Existing home sales dropped 1.2% month-over-month - the biggest drop in 2013 - against expectations for a 1.5% rise. Critically though, this is for a period that reflects closings with mortgage rates from the April/May period - before the spike in rates really accelerated. Inventory rose once again to 5.2 months of supply (vs 5.0 in May) and you know the realtors are starting to get concerned when even the ever-optimistic chief economist of the NAR is forced to admit that 'stunningly'"higher mortgage rates will bite." With mortage applications having collapsed since May, we can only imagine the state of home sales (especially as we see all-cash buyers falling) for July.
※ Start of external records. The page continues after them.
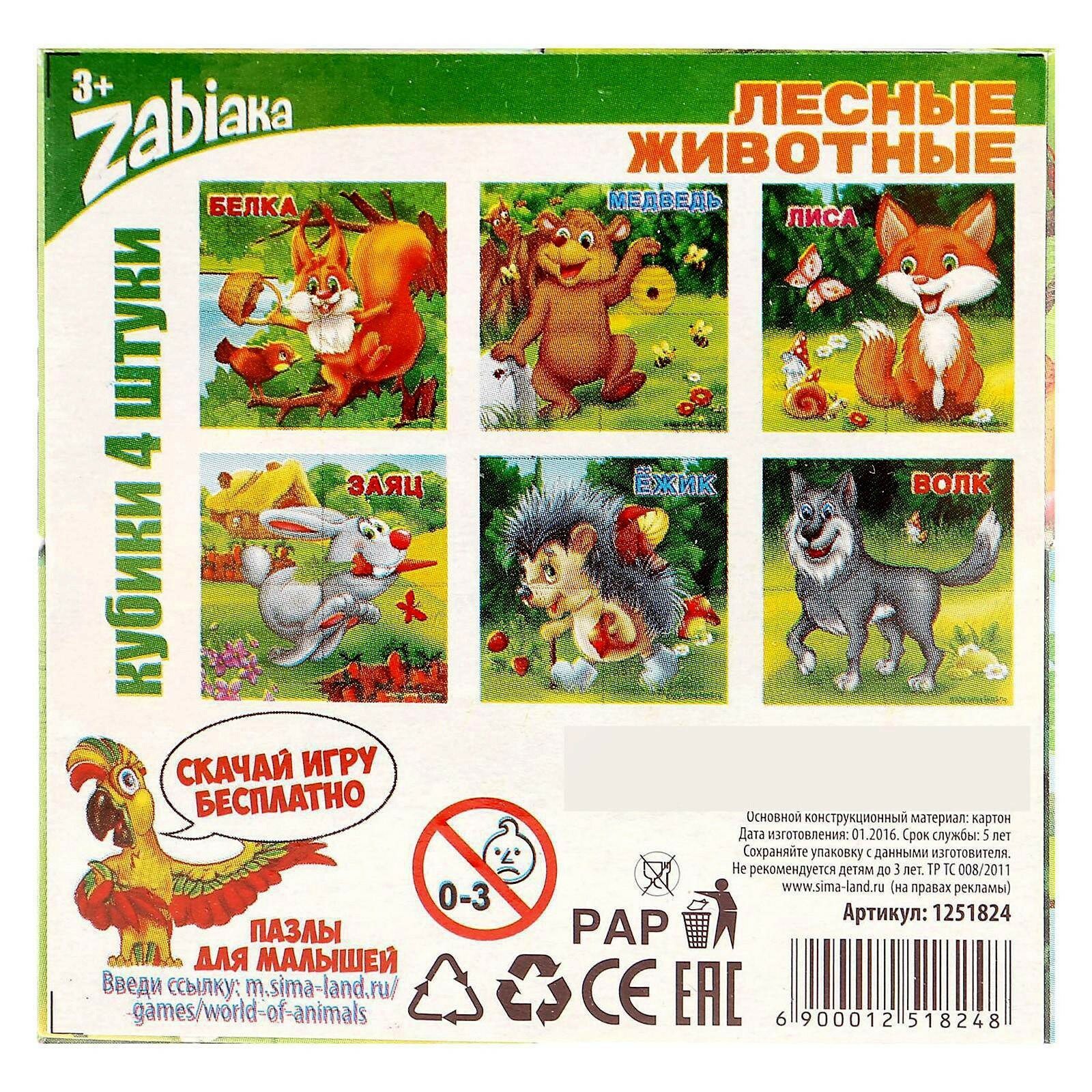 Кубики картонные «Зверята», 4 шт
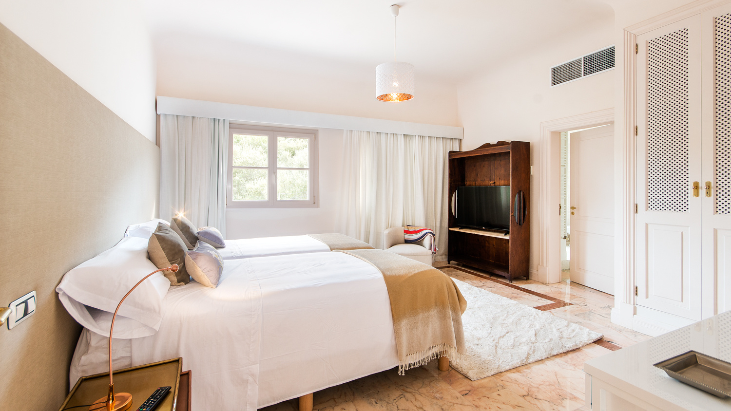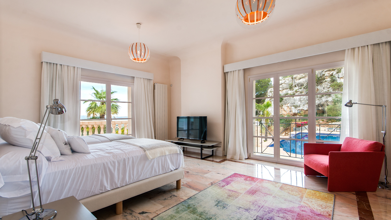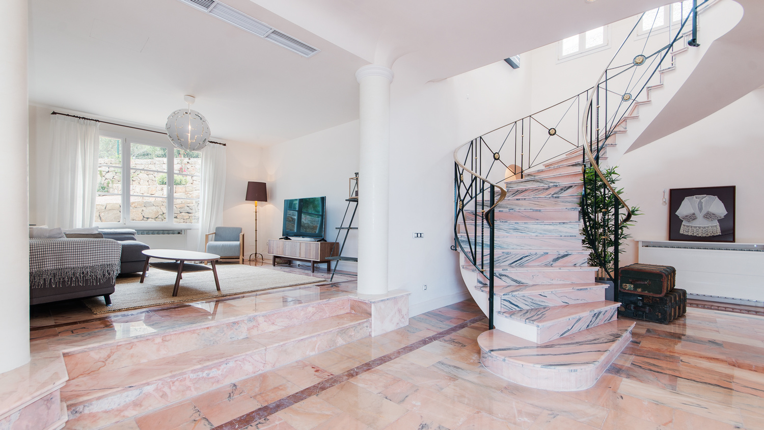 By a comfortable open staircase, you access a second lounge area, with an independent TV room, and 3 double bedrooms each with bathrooms en suite and access to the covered terrace area.
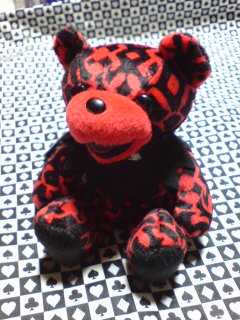 赤地に黒のよく分かんない柄。
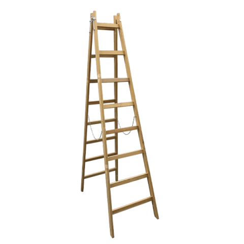 1 kép MÁRKA NÉLKÜL FA FESTŐLÉTRA 8 FOKOS, VÖDÖRTARTÓ KAMPÓ, ERŐSÍTETT LÁB
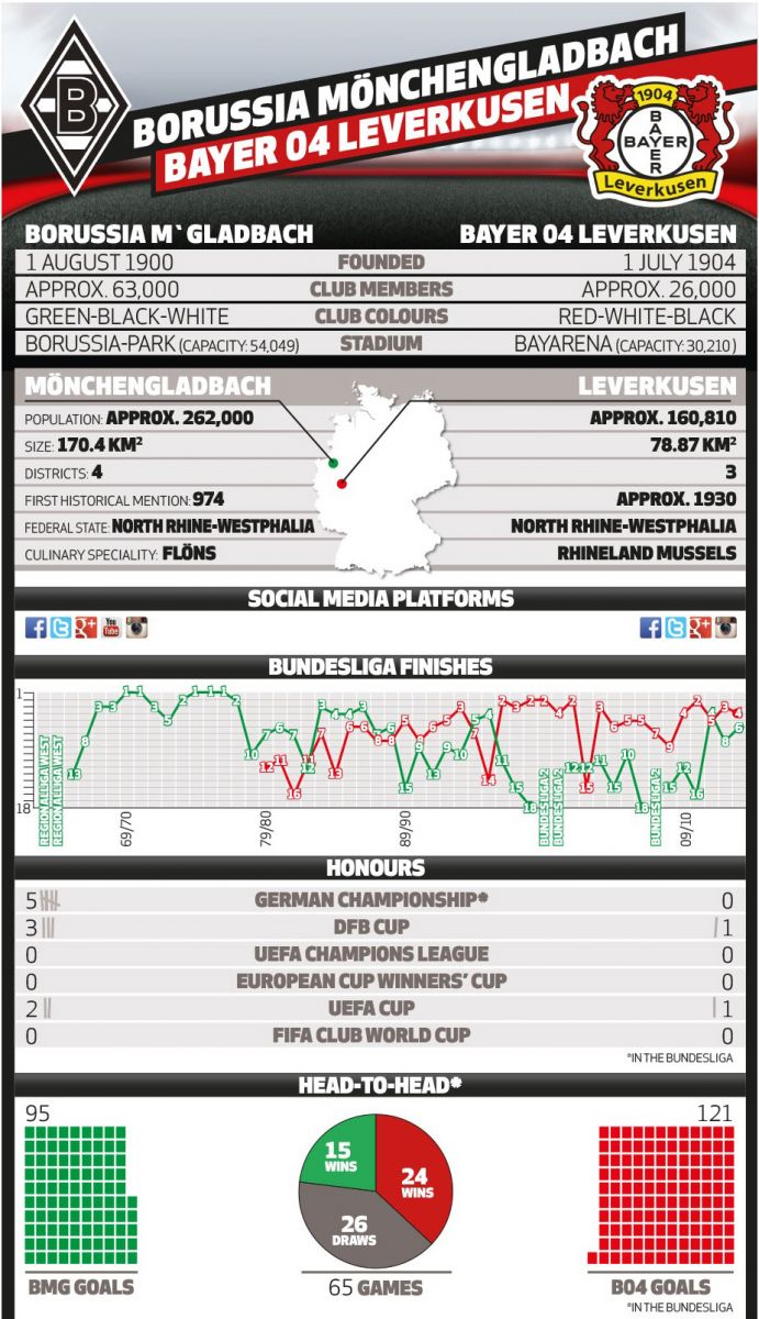 Победа в прошлом туре чемпионата над «Баварией» дает повод болельщикам «Байера» надеется на достойный результат в Гладбахе. Команда Фавре в текущем сезоне Бундеслиге в родных стенах уступила лишь однажды - «Айнтрахту» (1:3), выиграв после этого все 8 матчей на родном «Боруссия-Парке». В матче первого круга в Леверкузене команды расписали мировую 1:1. На гол Чалханоглу гости ответили точным ударом Броверса. А вот последнюю победу на своем поле над «Байером» в Бундеслиге Гладбах добывал в далеком 1989-м году!
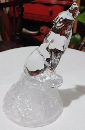 Vintage Cristal D'Arques France 24% Lead Crystal Howling Wolf Frosted Base
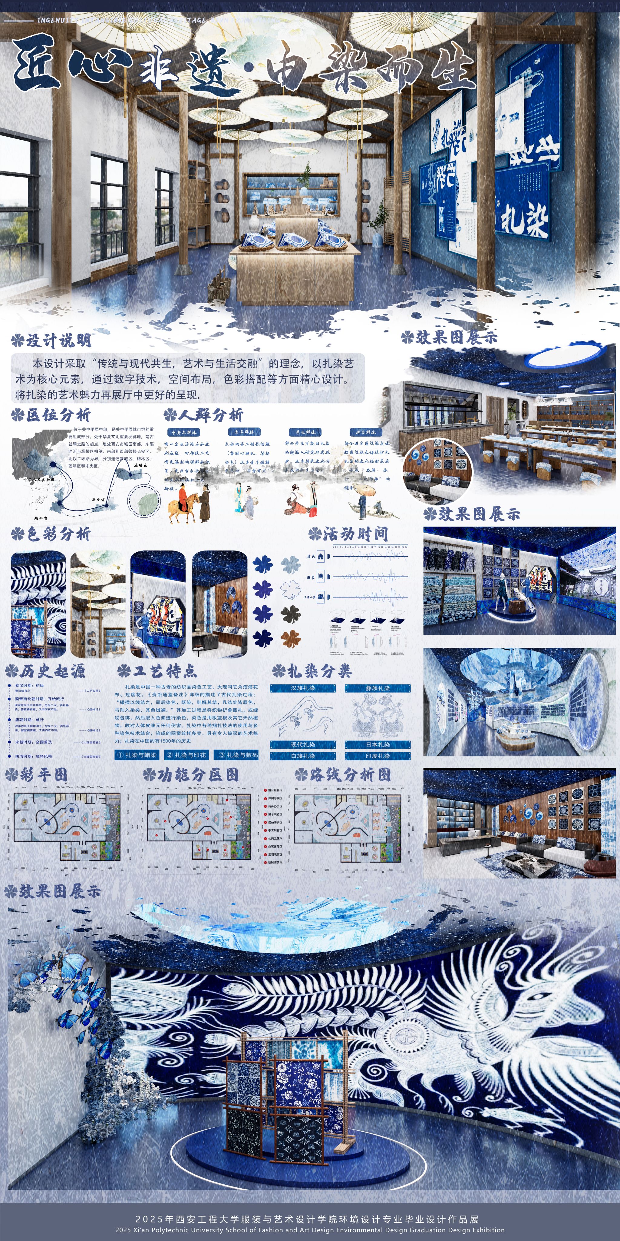 本次展览汇聚了视觉传达系、环境艺术设计系、工业设计系、造型艺术系、服装工程系、产品设计系200余名毕业生近千余件的优秀作品。展览时间为6月6日至6月11日。展览以“跨界创新·融合共生”为主题,旨在探索不同领域之间的交叉融合,挖掘创新设计的更多可能,并推动时尚艺术与科技的共生,也是厂长资源
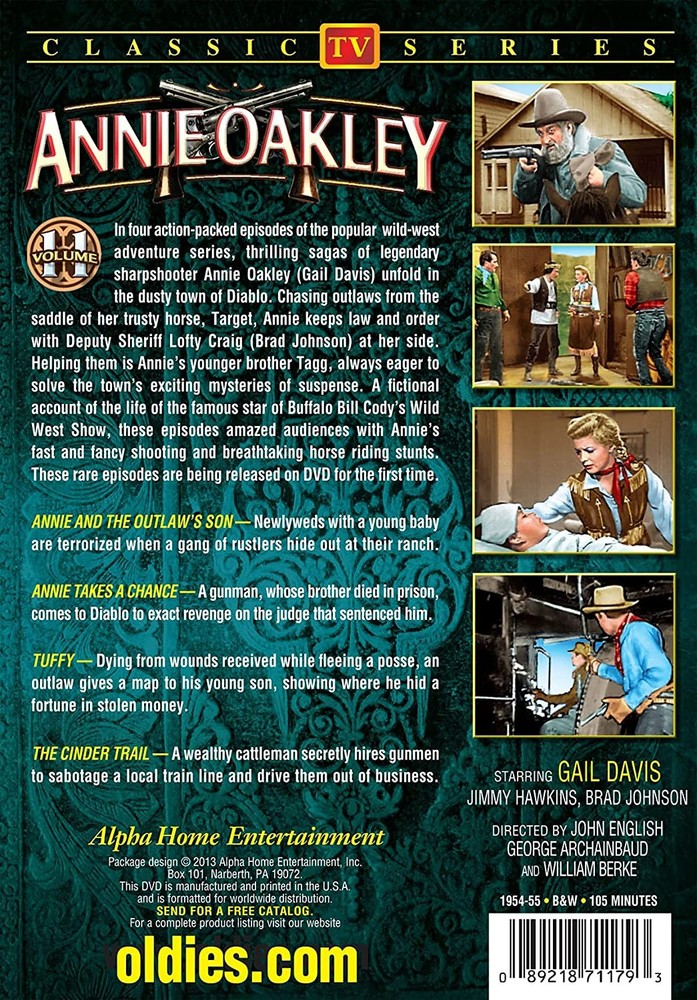 Further Details Title: Adventures of Annie Oakley, Vol. 11 Format: DVD Condition: New Number Of Discs: 1 Release Date: 07/30/2013 Actors: Gail Davis Audio Language: English Runtime: 1 hour and 45 minutes Region Code: DVD: 1 (US, Canada...) Studio: Alpha Video Description: Four more rediscovered episodes from the legendary western series. DVDs ARE REGION 1 UNLESS OTHERWISE STATED Missing Information? Please contact us if any details are missing and where possible we will add the information to our listing.
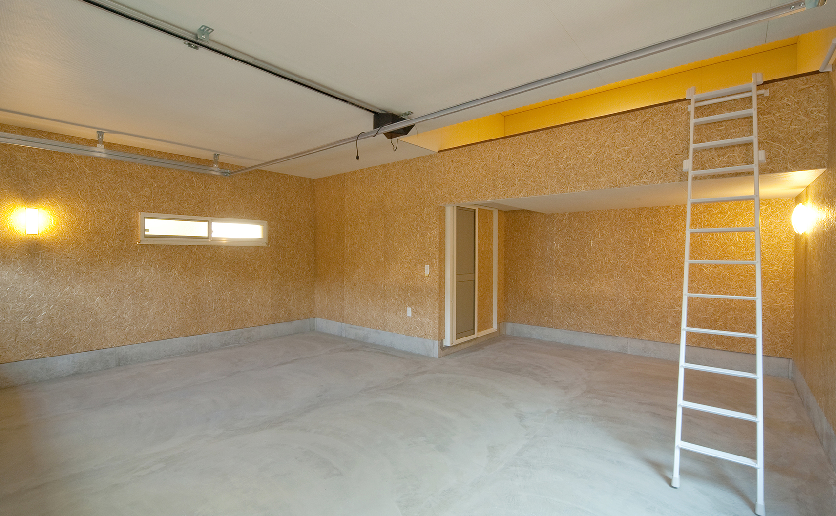 南フランス風の外観が、懐かしさを感じさせる住まい。重厚感のあるシャッターの先は、ロフト付きのインナーガレージが。梁現しの吹抜けリビングは、開放感と自然素材感をもらたします。
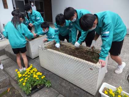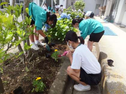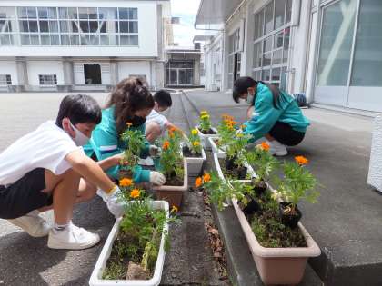 整美委員が協力して、花の植え替えを行いました。校舎まわりにある花壇に、色とりどりの花を植えました。整美委員は毎朝の花の水やりなど、日頃から学校環境美化活動に積極的にとりくんでいます。全員が気持ちよく過ごせる学校にしていきましょう!
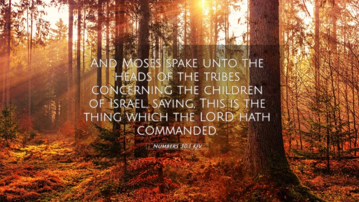 Numbers 30:1 presents important principles regarding vows and the authority of leaders in guiding their community in adherence to God's laws. Let us summarize its meaning using insights from various public domain commentaries, including those by Matthew Henry, Albert Barnes, and Adam Clarke.
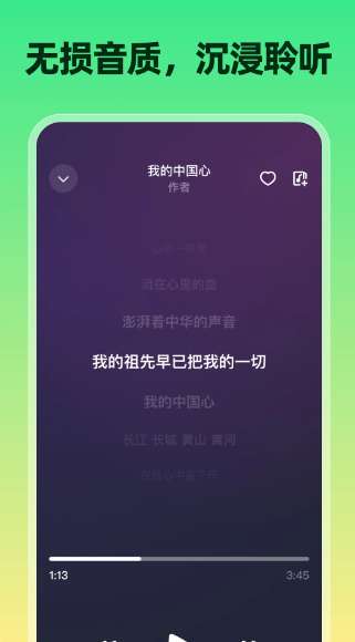 1、歌词显示:逐字歌词、桌面歌词、字句句子更亲切。
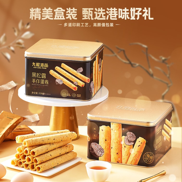홍콩 구룡 특산품: [야미 독점] 블랙 트러플 수제 에그롤 [캔] 350g. 옛날 방식 그대로 만든 바삭한 에그롤 비스킷. [블랙 트러플 크럼블이 계란 향을 더함] [황금빛 바삭함]
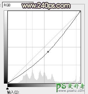 18、创建曲线调整图层,把RGB通道压暗一点,参数设置如图29,确定后创建剪切蒙版,再把蒙版填充黑色,然后用透明度较低柔边白色画笔把人物底部背光区域涂暗一点,效果如图30。
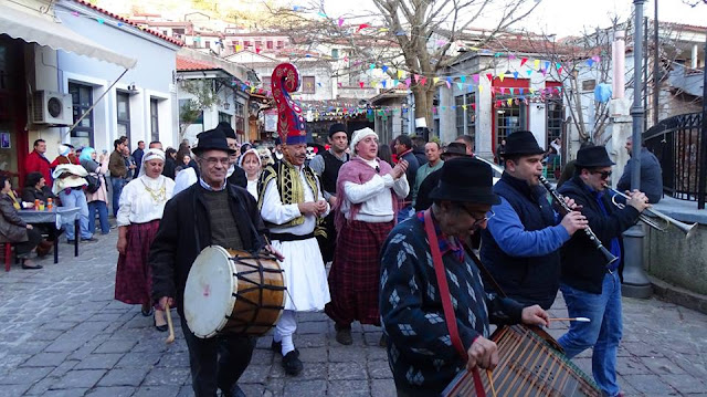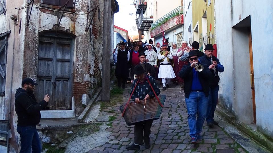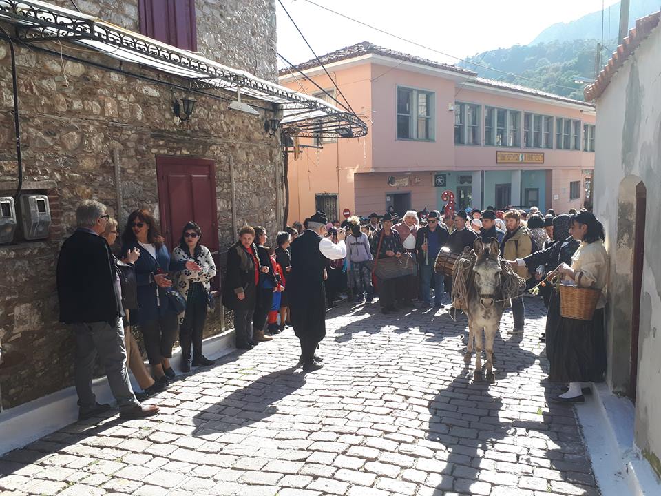 Στις 2:30 το μεσημέρι ξεκίνησε από το «Αναγνωστήριο» πολυπληθής όμιλος μασκαρεμένων με επικεφαλής τον «Μεγαλέξαντρο» και με τη συνοδεία παραδοσιακής μουσικής κομπανίας σεργιάνισε στους μαχαλάδες του χωριού τραγουδώντας παλιά παραδοσιακά μας τραγούδια και τα προαιώνια «φαλλικά τριψίματα». Κάποια στιγμή από διαφορετικές κατευθύνσεις έφθασαν και δυο καρνάβαλοι πάνω σε γαϊδουράκια αναβίωσαν το έθιμο του αντικαρνάβαλου (καρναβαλομαχίας).
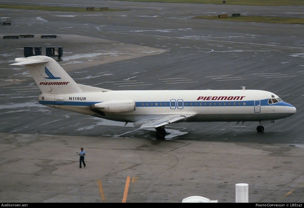 Piedmont Airlines Fokker 28-4000, N119UR, is shown at Boston on June 12, 1987.

NAR chief economist, said there is enough momentum in the market, even with higher interest rates. “Affordability conditions remain favorable in most of the country, and we’re still dealing with a large pent-up demand,” he said. “However, higher mortgage interest rates will bite into high-cost regions of California, Hawaii and the New York City metro area market.”
...
Regionally, existing-home sales in the Northeast declined 1.6 percent to an annual rate of 630,000 in June but are 16.7 percent above June 2012. The median price in the Northeast was $270,400, which is 6.8 percent above a year ago.
Existing-home sales in the Midwest were unchanged in June at a pace of 1.21 million, and are 17.5 percent higher than a year ago. The median price in the Midwest was $170,100, up 8.9 percent from June 2012.
In the South, existing-home sales slipped 1.5 percent to an annual level of 2.03 million in June but are 16.0 percent above June 2012. The median price in the South was $186,300, which is 13.7 percent above a year ago.
Existing-home sales in the West declined 1.6 percent to a pace of 1.21 million in June but are 11.0 percent above a year ago. With ongoing supply constraints, the median price in the West was $282,000, a jump of 19.9 percent from June 2012.